Светлый фон

– Поговорю я с боярином Мышкиным. Когда загладит он свою вину перед вами, бояре, разрешу я ему дочку в монастырь отдать. А ежели не загладит – казнить прикажу.

Может, и не хотелось ему такого решения, не хотелось девку молодую приговаривать, а только это не в трактире каком морды бить. Это – палаты государевы. И тут людей травить?

Сейчас спустишь, потом и вовсе обнаглеют.

Бояре такой выход одобрили, царю поклонились, как положено, и распрощались, к дочкам отправились.

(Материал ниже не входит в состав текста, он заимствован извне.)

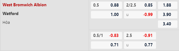 Thông tin tỷ lệ kèo West Brom vs Watford:
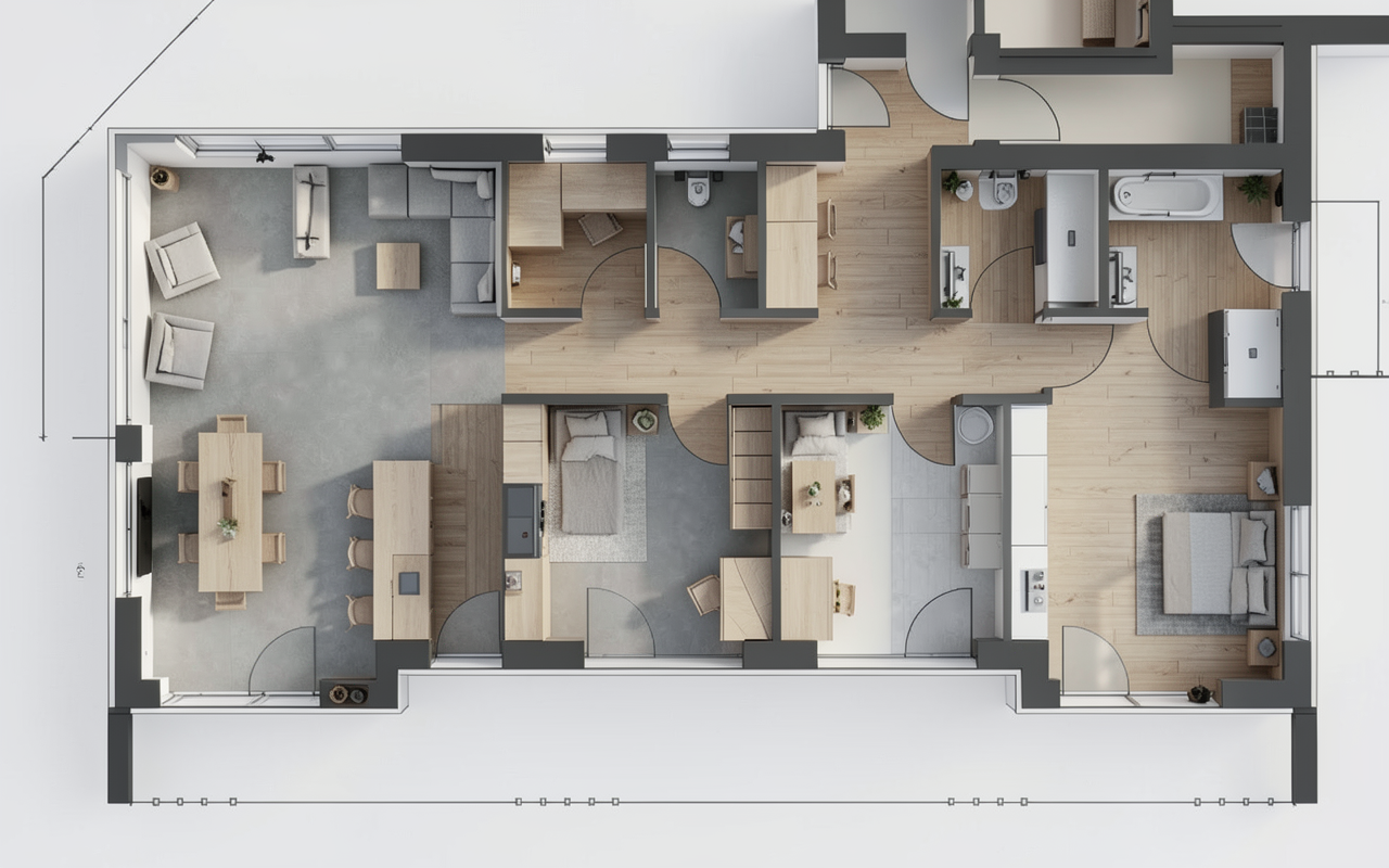 create a highly photorealistic interior scene with strong natural daylight increase the overall brightness of the room while maintaining realistic exposure and balanced highlights every element must have realistic materials and textures including the printer computers chairs desks glass walls and all furniture with accurate material properties and natural imperfections the floor must be dark gray matte epoxy resin smooth and seamless with subtle realistic reflections glass surfaces must have accurate transparency and light behavior replace the existing dark blue band on the ceiling with a black perforated metal suspended ceiling plafond suspendu m tallique ajour perfor noir it should surround the perimeter of the existing white ceiling blocks forming a border without covering or replacing them the perforations must be small and evenly distributed creating an ajour effect the metal should have a matte or satin black finish with realistic texture depth and natural light interaction the final image should look like a high resolution professional interior photograph extremely realistic bright detailed and naturally lit
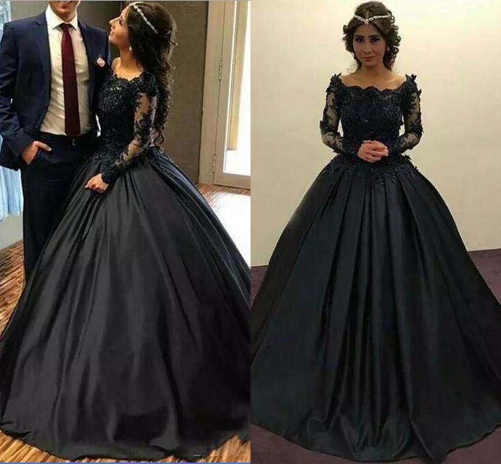 Charming Black Princess Evening Dresses Long Sleeve Lace ... - princess dresses for adults black
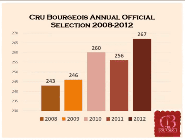 A figura acima ilustra a evolução do número de vinhos aprovados. Essa avaliação anual criou uma tremenda confusão na cabeça do consumidor. Afinal, um vinho pode perder o status de Cru Bourgeois de um ano para o outra. Para corrigir isso, uma nova alteração foi feita em 2018, que está em vigor. A partir de 2020, a classificação da safra de dois anos anteriores (portanto a de 2018) valerá até 2025, quando será novamente reavaliada.

Борис подумал – и тоже пошел.

В потайной ход. К Устинье.

* * *

Спящий ангел.

Так Борису и подумалось при виде Усти.

Лежит она на животе, щеку на подушку положила, коса на пол свесилась, губки пухлые, носиком посапывает… одеяло сбилось, фигурка вся видна, особенно некоторые ее части… выразительные такие. Выдающиеся.

Только вот не один мужской интерес нахлынул.

Борис сам себе удивился, когда понял, что Устинью одеялом укрывает. И косу поправляет осторожно, мало ли – во сне повернется, придавит. Больно потом будет.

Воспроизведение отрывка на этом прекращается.